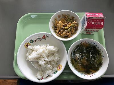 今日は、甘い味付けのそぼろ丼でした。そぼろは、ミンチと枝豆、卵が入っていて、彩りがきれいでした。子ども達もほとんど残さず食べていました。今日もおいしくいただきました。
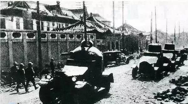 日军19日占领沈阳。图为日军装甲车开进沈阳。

---*---

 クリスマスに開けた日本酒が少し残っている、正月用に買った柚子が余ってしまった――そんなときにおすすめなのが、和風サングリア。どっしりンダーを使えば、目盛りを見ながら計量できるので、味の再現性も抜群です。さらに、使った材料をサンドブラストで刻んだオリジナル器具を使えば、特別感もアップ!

---*---

--- Task details ---
Your answer is the exact run of lines above from the one with "今日は、甘い味付けのそぼろ丼" through the one with "日军19日占领沈阳。图为日军装甲车开进沈阳。", both ends included, minus any picture.

--- Response ---
 今日は、甘い味付けのそぼろ丼でした。そぼろは、ミンチと枝豆、卵が入っていて、彩りがきれいでした。子ども達もほとんど残さず食べていました。今日もおいしくいただきました。
 日军19日占领沈阳。图为日军装甲车开进沈阳。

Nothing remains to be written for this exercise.